From the very beginning of his career, Qiu Dongping attracted the attention of the literary world and later scholars. As early as the 1930s, Guo Moruo affirmed that Qiu had "an extraordinary breadth of ambition and an exceptionally thick poetic temperament." Hu Feng commented that Qiu Dongping was "the one who understood the ideological demands of revolutionary literature most profoundly, and the one whose achievements were greatest." Nie Gannu praised him as a "dominant talent" in the literary arena. After the founding of the People's Republic of China, the Hu Feng Counter-Revolutionary Clique Case also implicated Qiu Dongping as an important member of the July faction. For a considerable period, mainland Chinese academic circles paid little attention to Qiu, and what attention there was largely critical. Only after the Reform and Opening‑up and the rehabilitation of Hu Feng was Qiu's place in literary history reaffirmed.

=== Major works ===
During his lifetime, Qiu Dongping published a succession of collections. At the time of his death, his novel Under Mount Mao remained unfinished. After the War of Resistance ended, the novel was formally published in October 1945 in Huaiyin with the help of Peng Baishan. After the founding of the PRC, the Shanghai New Literature and Art Publishing House brought out Selected Works of Dongping in 1953. Thereafter, Qiu's works were gradually collected and republished. His major works include:

- Short‑story collection The Melancholy City of Meileng
  - "The Melancholy City of Meileng", "Malacca and the Priest", "The Story of Ten Pistols"

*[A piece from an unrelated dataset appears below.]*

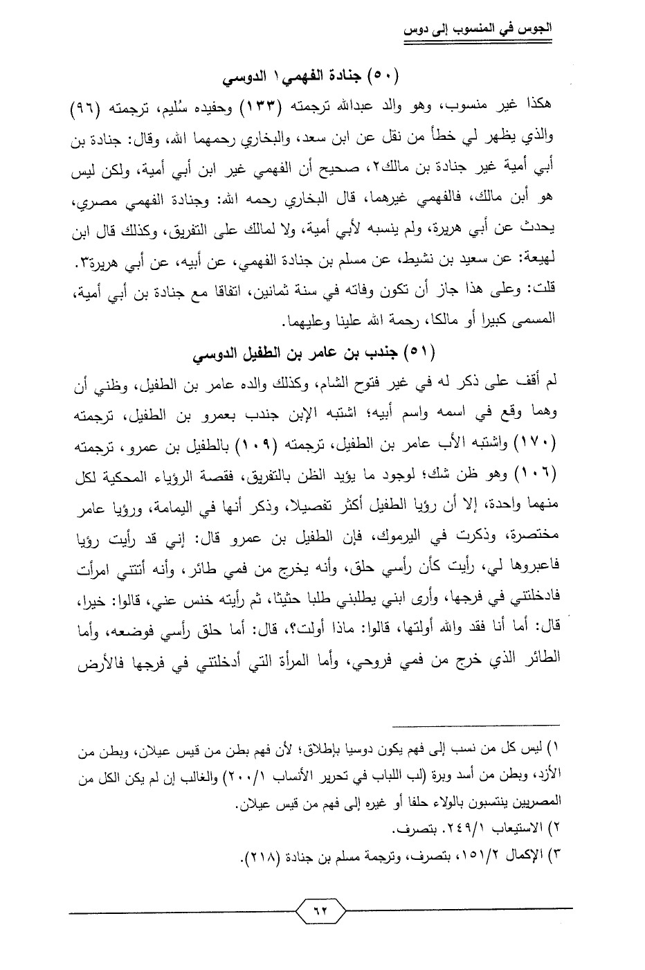 (¬1) ليس كل من نسب إلى فهم يكون دوسيا بإطلاق؛ لأن فهم بطن من قيس عيلان، وبطن من الأزد، وبطن من أسد وبرة (لب اللباب في تحرير الأنساب 1/ 200) والغالب إن لم يكن الكل من المصريين ينتسبون بالولاء حلفا أو غيره إلى فهم من قيس عيلان.
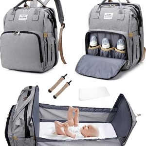 3 in 1 Travel Bassinet Foldable Baby Bed, Diaper Bag Backpack Changing Station, Baby Bag Portable Crib, Waterproof, Large Capacity, Stylish and Durable, Gray

- Short‑story collection General's Stories
  - "A Scene at the Transfer Post", "Correct", "The General's Story", "Noble Behavior", "Tan Gen's Father", "Rabbits", "The Death of General Ma Lan", "The Prophet's Prophecy", "The Appearance of a New Don Quixote", "The King and Bodyguard in Exile"

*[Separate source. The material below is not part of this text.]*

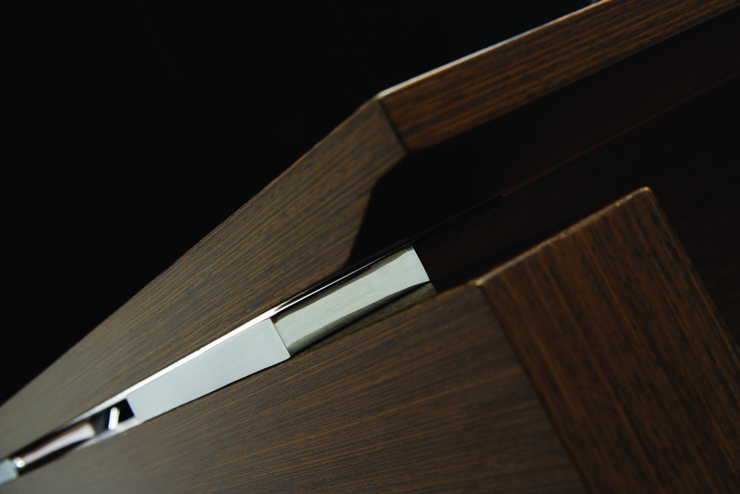 · Cantos de mesa y ala rebajados y postformados, canteados en chapa de madera barnizada.
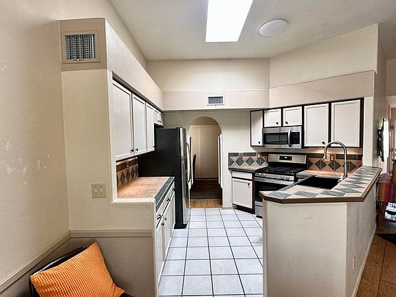 Corner lot gem in desirable Town & Country with mountain views! This townhome stands apart with no shared walls (except the garage). Inside, discover high ceilings, open layout, dual pane windows, plantation shutters, and an abundance of natural light throughout. Kitchen boasts GE stainless steel gas stove, Kenmore refrigerator, microwave, and stylish under-counter lighting. The covered patio is a private oasis featuring mature landscaping, 7-foot privacy wall, living ocotillo fence, dog run, and unobstructed views--an entertainer's delight. Owner suite features two closets, including a walk-in, and an ensuite bathroom with dual showerhead. Adjacent to the notorious Loop, shopping, dining, and more. Bonus, this home is right across the street from the community pool and ample guest parking

- Short‑story collection The Battle of Longxia City
  - "A Garrulous Sai'e", "A Child's Upbringing", "The Defense of Honghua Ground", "The Dispatch Rider", "Lieutenant Colonel Adjutant", "Mules", "The Philanthropist", "Between Friends", "The Rider of the White Horse", "The Battle of Longxia City"
- Novella The Fire

- Fiction collection The Giver
  - "The Will to Resist", "The Giver"
- Documentary collection The Seventh Company
  - "The Seventh Company", "Where We Were Defeated", "I Have Known Such an Enemy", "A Day of Storm", "A Company Commander's Battle Experience", "Impressions of Ye Ting", "Wu Lüxun and Master Jizi"

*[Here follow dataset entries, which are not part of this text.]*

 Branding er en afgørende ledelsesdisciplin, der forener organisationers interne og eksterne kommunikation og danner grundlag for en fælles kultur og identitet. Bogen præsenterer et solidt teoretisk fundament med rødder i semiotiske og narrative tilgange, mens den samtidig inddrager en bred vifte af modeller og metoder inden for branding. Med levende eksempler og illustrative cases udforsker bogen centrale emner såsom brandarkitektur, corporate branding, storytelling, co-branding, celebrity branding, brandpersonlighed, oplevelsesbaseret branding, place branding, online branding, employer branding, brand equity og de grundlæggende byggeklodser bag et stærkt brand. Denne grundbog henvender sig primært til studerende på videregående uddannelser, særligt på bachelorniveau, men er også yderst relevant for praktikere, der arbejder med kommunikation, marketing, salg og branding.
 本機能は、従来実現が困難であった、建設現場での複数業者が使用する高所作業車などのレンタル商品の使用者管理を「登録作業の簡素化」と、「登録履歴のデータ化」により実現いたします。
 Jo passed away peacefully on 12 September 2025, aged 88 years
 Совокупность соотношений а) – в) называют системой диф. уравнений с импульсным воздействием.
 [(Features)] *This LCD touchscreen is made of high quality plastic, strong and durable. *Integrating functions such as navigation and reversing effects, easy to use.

- Documentary collection Marching into the Enemy's Rear
  - "Marching into the Enemy's Rear", "Armed Political Work Teams", "Interception", "Ranks of Those Who Propagate the 'Imperial Way'", "Mother", "Dongwan: The Destruction of a Japanese Stronghold", "Stories from Under the Iron Heel", "With Tenacity in Battle"
- Novel Under Mount Mao
  - Besides the unfinished novel, it also includes six documentary pieces: "Seizing the Type 38 Rifle", "The Little Battle at Wanglinggang", "Escape from the Die-Hards' Clutches", "The Battalion Commander of a Friendly Force", "Two Young Men from Jingjiang", "A Story from the Liyang-Wuhan Road"

== Family ==
Qiu Dongping's father was Qiu Jincheng (also known as Zhongjin or Xiaotang, 1871–1948) and his mother was Huang Qiao (1881–1970). He had eight brothers and two sisters, and was the sixth child in the family. His fifth brother, Qiu Daoren, had taken part with Qiu Dongping in the Hailufeng Uprising, but died around 1934 in Xiamen, leaving behind his wife, Wu Xiao. In early spring 1935, Qiu Dongping married Wu Xiao in Hong Kong; the couple had a daughter, Qiu Liqing. After the outbreak of the War of Resistance, Qiu headed to the front lines and gradually lost contact with Wu Xiao. In November 1939, in a letter to Hu Feng, Qiu mentioned that he had a new girlfriend, Xin Wen. Xin Wen was from Guangxi and had served in the Guangxi Student Corps; she later worked as a reporter for the Jianghuai Daily. At the end of 1940 or the beginning of 1941, Qiu Dongping and Xin Wen married in Yancheng. After Qiu's death, Xin Wen changed her name to Xiping as a token of remembrance. Wu Xiao, for her part, was classified as a landlord during the Land Reform in the early 1950s; unable to bear the torment, she hanged herself.